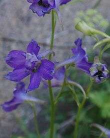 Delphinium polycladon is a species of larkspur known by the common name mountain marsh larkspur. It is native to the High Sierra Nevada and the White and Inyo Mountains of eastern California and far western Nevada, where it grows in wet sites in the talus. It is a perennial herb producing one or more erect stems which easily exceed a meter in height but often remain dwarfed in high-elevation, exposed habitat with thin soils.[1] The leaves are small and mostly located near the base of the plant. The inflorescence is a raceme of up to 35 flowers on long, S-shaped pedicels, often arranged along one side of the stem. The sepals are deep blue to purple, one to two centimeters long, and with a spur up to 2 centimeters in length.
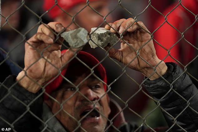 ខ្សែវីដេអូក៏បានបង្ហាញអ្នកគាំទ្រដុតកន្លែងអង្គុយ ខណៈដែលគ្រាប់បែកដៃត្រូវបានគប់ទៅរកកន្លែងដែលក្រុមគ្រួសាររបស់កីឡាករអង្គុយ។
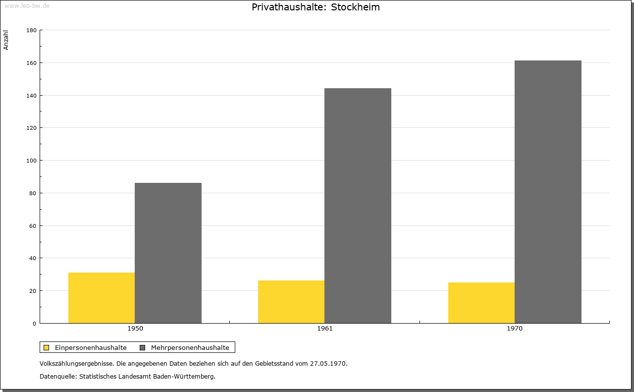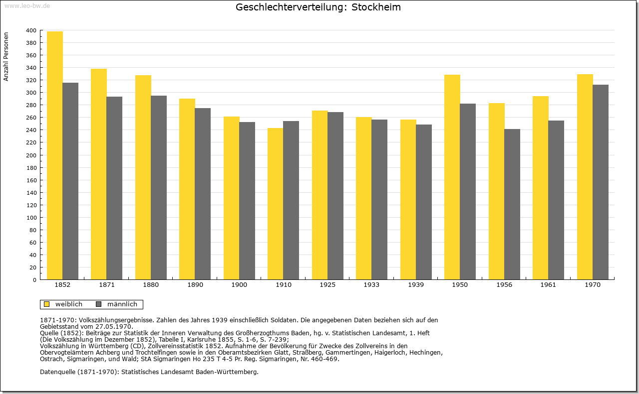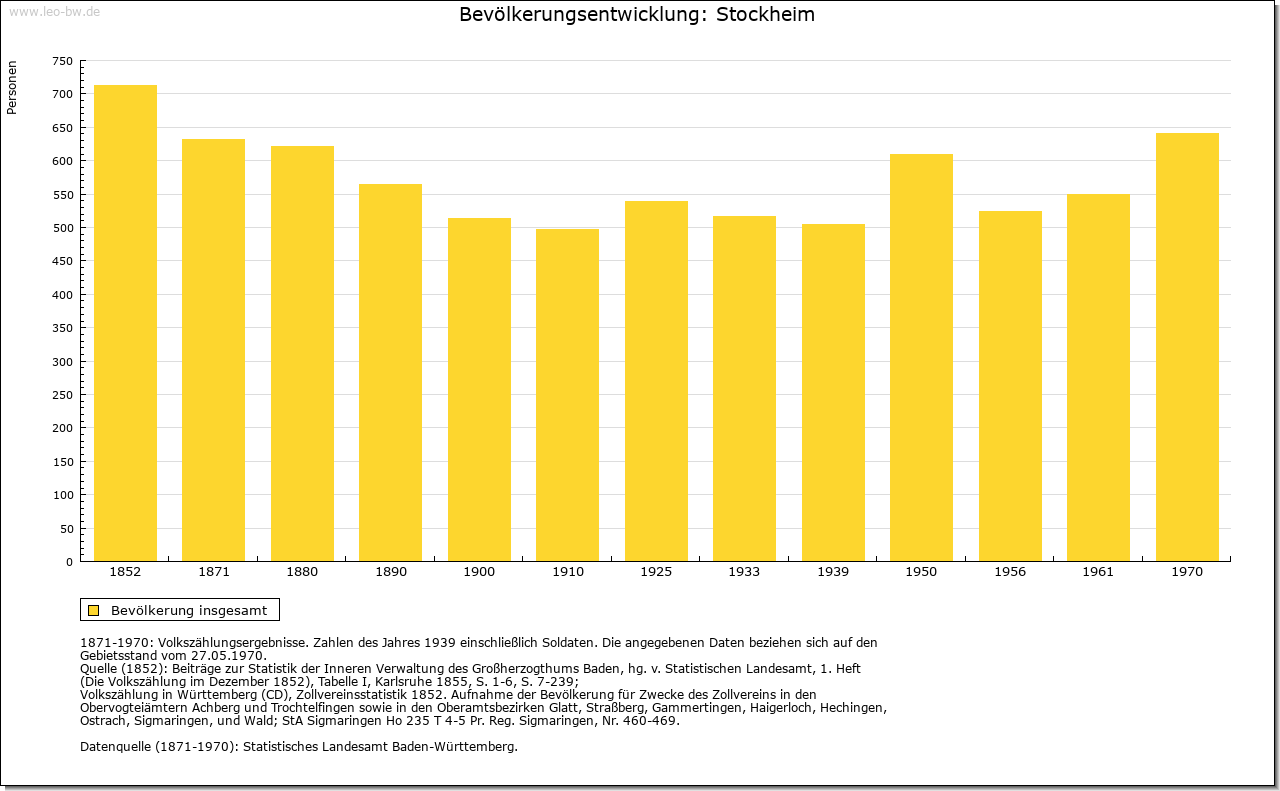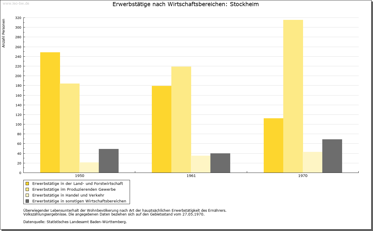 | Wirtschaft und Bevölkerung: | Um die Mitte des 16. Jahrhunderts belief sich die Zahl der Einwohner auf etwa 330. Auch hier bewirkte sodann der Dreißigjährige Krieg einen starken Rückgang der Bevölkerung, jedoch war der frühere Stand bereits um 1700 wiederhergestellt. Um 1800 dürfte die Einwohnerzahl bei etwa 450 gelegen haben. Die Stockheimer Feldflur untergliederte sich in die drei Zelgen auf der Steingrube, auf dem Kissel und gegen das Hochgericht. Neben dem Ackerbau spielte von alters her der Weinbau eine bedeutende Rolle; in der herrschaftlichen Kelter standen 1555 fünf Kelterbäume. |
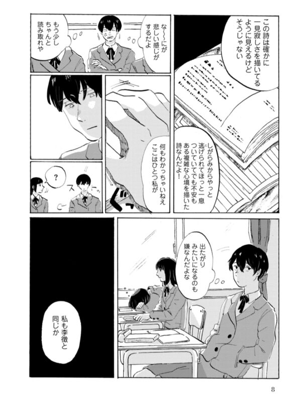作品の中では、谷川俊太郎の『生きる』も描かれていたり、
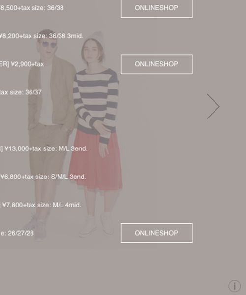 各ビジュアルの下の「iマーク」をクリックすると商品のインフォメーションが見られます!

> How to complete this task:
If the records include pictures, omit them and transcribe everything else exactly.

> Completed exercise:
 Delphinium polycladon is a species of larkspur known by the common name mountain marsh larkspur. It is native to the High Sierra Nevada and the White and Inyo Mountains of eastern California and far western Nevada, where it grows in wet sites in the talus. It is a perennial herb producing one or more erect stems which easily exceed a meter in height but often remain dwarfed in high-elevation, exposed habitat with thin soils.[1] The leaves are small and mostly located near the base of the plant. The inflorescence is a raceme of up to 35 flowers on long, S-shaped pedicels, often arranged along one side of the stem. The sepals are deep blue to purple, one to two centimeters long, and with a spur up to 2 centimeters in length.
 ខ្សែវីដេអូក៏បានបង្ហាញអ្នកគាំទ្រដុតកន្លែងអង្គុយ ខណៈដែលគ្រាប់បែកដៃត្រូវបានគប់ទៅរកកន្លែងដែលក្រុមគ្រួសាររបស់កីឡាករអង្គុយ។
 | Wirtschaft und Bevölkerung: | Um die Mitte des 16. Jahrhunderts belief sich die Zahl der Einwohner auf etwa 330. Auch hier bewirkte sodann der Dreißigjährige Krieg einen starken Rückgang der Bevölkerung, jedoch war der frühere Stand bereits um 1700 wiederhergestellt. Um 1800 dürfte die Einwohnerzahl bei etwa 450 gelegen haben. Die Stockheimer Feldflur untergliederte sich in die drei Zelgen auf der Steingrube, auf dem Kissel und gegen das Hochgericht. Neben dem Ackerbau spielte von alters her der Weinbau eine bedeutende Rolle; in der herrschaftlichen Kelter standen 1555 fünf Kelterbäume. |
作品の中では、谷川俊太郎の『生きる』も描かれていたり、
 各ビジュアルの下の「iマーク」をクリックすると商品のインフォメーションが見られます!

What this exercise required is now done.